Думашев как то неопределённо хмыкнул, и Лешка, сочтя это за разрешение, продолжил своё обращение:
– Произошла какая-то досадная ошибка или недоразумение. Мои егеря выполняли моё личное распоряжение по доработке новой подрывной мины и несли полученный огнепроводный шнур в свою мастерскую, созданную с разрешения высокого начальства в моей команде. Ни о какой краже военного имущества тут и речи быть не могло. Солдаты эти послушные, в дерзости и неповиновении никогда замечены не были. Напротив, несколько раз были отмечены в приказе за проявленную в боях доблесть и за пролитие крови на поле брани.

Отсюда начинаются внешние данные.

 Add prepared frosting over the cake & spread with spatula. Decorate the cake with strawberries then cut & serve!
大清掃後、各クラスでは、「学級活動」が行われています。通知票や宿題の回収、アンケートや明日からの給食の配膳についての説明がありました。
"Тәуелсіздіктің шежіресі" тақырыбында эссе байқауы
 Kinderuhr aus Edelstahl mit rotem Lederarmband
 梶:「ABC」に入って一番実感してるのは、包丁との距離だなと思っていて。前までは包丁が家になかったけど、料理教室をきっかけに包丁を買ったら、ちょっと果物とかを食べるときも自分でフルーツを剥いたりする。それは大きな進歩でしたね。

– Молчать! Молчать, щенок! – всё более багровеющий по мере Лёшкиного рассказа Думашев наконец-то не выдержал и разразился истерическим криком. – Ты что мне тут мелешь, подпоручик! – он выскочил из кресла и подошёл вплотную к Егорову. – Я думал, ты меня тут молить о прощении будешь, а ты мне про какие-то мины, огнепроводные шнуры и дурацкую доблесть своего быдла рассказываешь?! Да вы там все в команде распоясались! Собачьими хвостами увешались, тряпок и ремней на себя нацепили, порядка не знаете! Как ты стоишь передо мной, паршивец?!

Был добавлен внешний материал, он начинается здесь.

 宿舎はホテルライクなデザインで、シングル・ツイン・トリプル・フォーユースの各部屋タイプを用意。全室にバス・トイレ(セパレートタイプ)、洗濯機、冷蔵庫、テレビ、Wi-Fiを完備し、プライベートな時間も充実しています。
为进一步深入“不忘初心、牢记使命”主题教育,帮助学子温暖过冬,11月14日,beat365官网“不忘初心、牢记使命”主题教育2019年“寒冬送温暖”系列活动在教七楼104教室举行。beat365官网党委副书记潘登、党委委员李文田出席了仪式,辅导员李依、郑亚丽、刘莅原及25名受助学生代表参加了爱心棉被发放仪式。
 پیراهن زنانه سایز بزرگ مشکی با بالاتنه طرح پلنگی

Лёшку начала накрывать волна холодной ярости. Он бы непременно сорвался, не выдержал бы издевательств этого хама и, конечно же, наломал бы дров, но два года под пулями бок о бок со своими егерями дали ему такую нужную сейчас устойчивость и выдержку. За его плечами сейчас было почти что четыре десятка душ, а в подвале двое его солдат стояли уже у смертельной черты. Нет, он не даст козырей этому борову!

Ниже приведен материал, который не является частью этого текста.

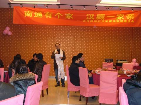 市僑聯(lián)主席鎮(zhèn)翔在座談會(huì)上講話。他向藏族孩子的父母簡(jiǎn)要介紹了活動(dòng)情況,強(qiáng)調(diào)這次活動(dòng)是僑界的一項(xiàng)愛(ài)心活動(dòng),也是發(fā)揚(yáng)“南通精神”、促進(jìn)民族團(tuán)結(jié)的重要工作。他希望結(jié)對(duì)孩子的家長(zhǎng)能對(duì)活動(dòng)多提寶貴意見(jiàn),促進(jìn)活動(dòng)的進(jìn)一步完善。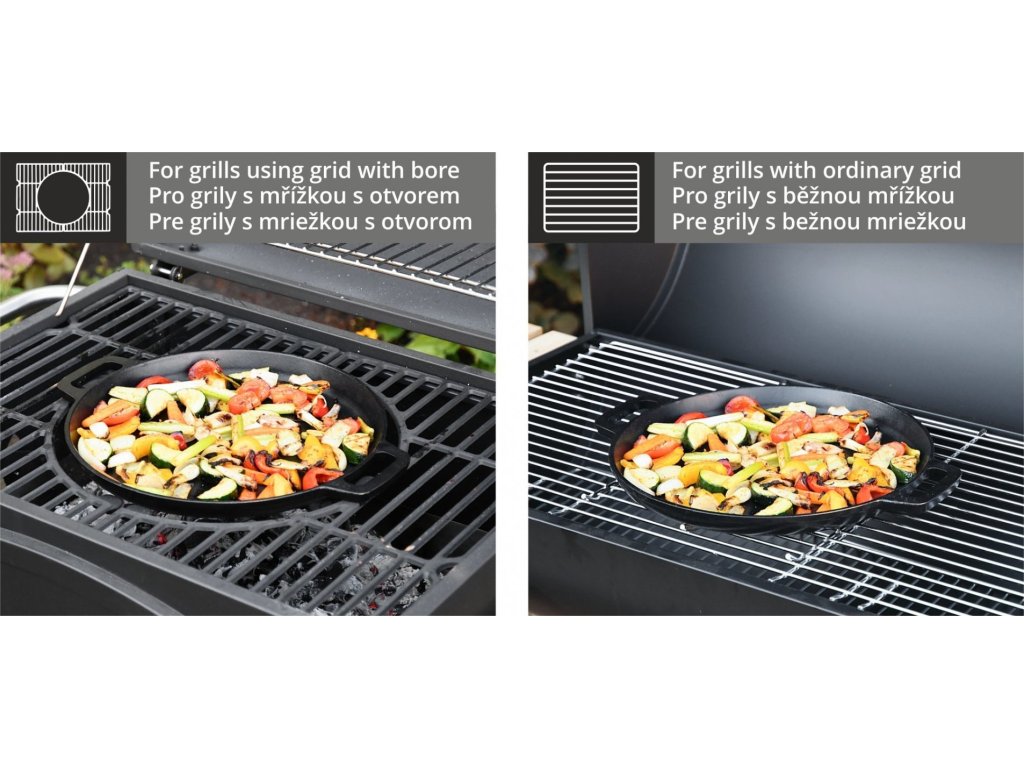- Pánvičku lze ale použít i pro standardní grily, které mají běžnou mřížku bez otvoru.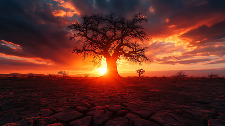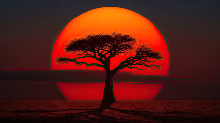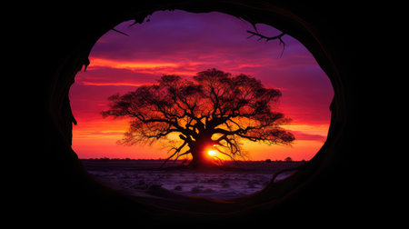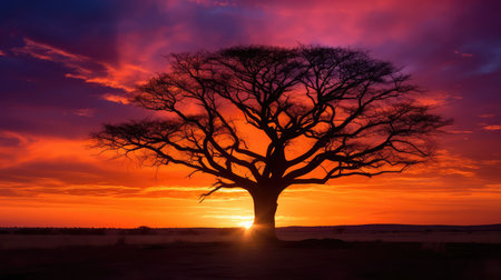 Generative AI : Dramatic African Sunset silhouette with tree
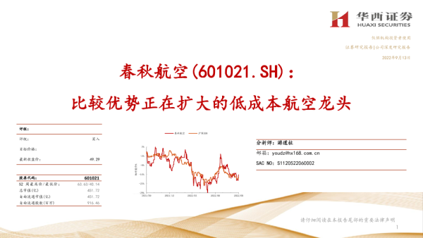 【华西证券】【20220913】春秋航空:比较优势正在扩大的低成本航空龙头-40页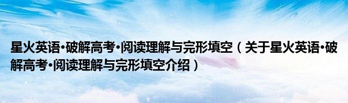 关于星火英语·破解高考·阅读理解与完形填空到此分享完毕,希望能帮助到您。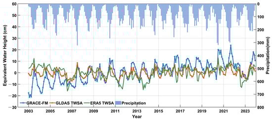 TWSA time series (2003–2023) for the TGRA derived from GRACE-FM, GLDAS, and ERA5, alongside precipitation data from 1 km monthly precipitation dataset for China.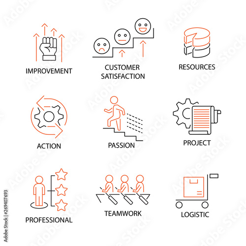 Modern Flat thin line Icon Set in Concept of Business and Human Management with word Customer Satisfaction,Improvement,Resources,Action,Passion,Project,Professional,Teamwork,Logistic. Editable Stroke.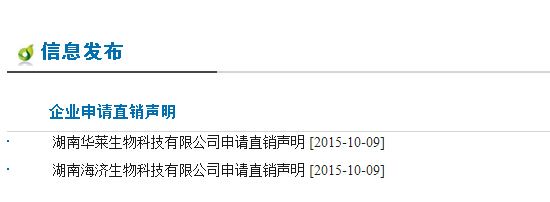 值得注意的是,当中的湖南海济生物科技有限公司(简称:海济生物)为准直销企业,据商务部官网显示,海济生物曾与同省兄弟企业华莱生物共同向商务部申请直销牌照,申请公示的日期为2015年10月9日。不过随着权健事件的发生,商务部对直销牌照的审批按下了暂停键,其原有的受理公示信息也已不再对外公示,至今湖南海济也未能获得商务部颁发的直销牌照。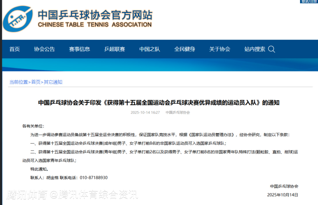 2025-10-16 13:20北京时间10月16日,中国乒乓球协会发布《获得第十五届全国运动会乒乓球决赛优异成绩的运动员入队》的通知。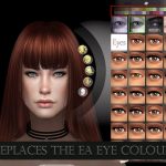THIS IS A DEFAULT REPLACEMENT. It will override the EA eye colours. Put the package file in your mods folder like usual but be aware that you can only have one eye default replacement in your game. You will find the eyes in the eye category (see preview picture 2).

Алексей глубоко вздохнул и посмотрел пристально в глаза полковнику:
– Ваше высокоблагородие, я офицер, дворянин и вышел из старинного, пусть даже и небогатого служивого рода. Но честь имею! Со всем моим к вам уважением, будьте настолько любезны обходиться без оскорблений и обращаться ко мне, как и положено по уставу. Ни я, ни мои солдаты, задержанные вами, не состоим в прямом вашем подчинении. Если они в чём-то и виноваты, то пусть это решают те, кому и положено по всем уставам и по внутреннему распорядку русской императорской армии!
– Так ты меня ещё и учить будешь, как я у себя же поступать должен?! Да я сам тут власть, я сам тут командование и сам решаю, кого казнить, а кого миловать! – прямо-таки несло взбешённого полковника.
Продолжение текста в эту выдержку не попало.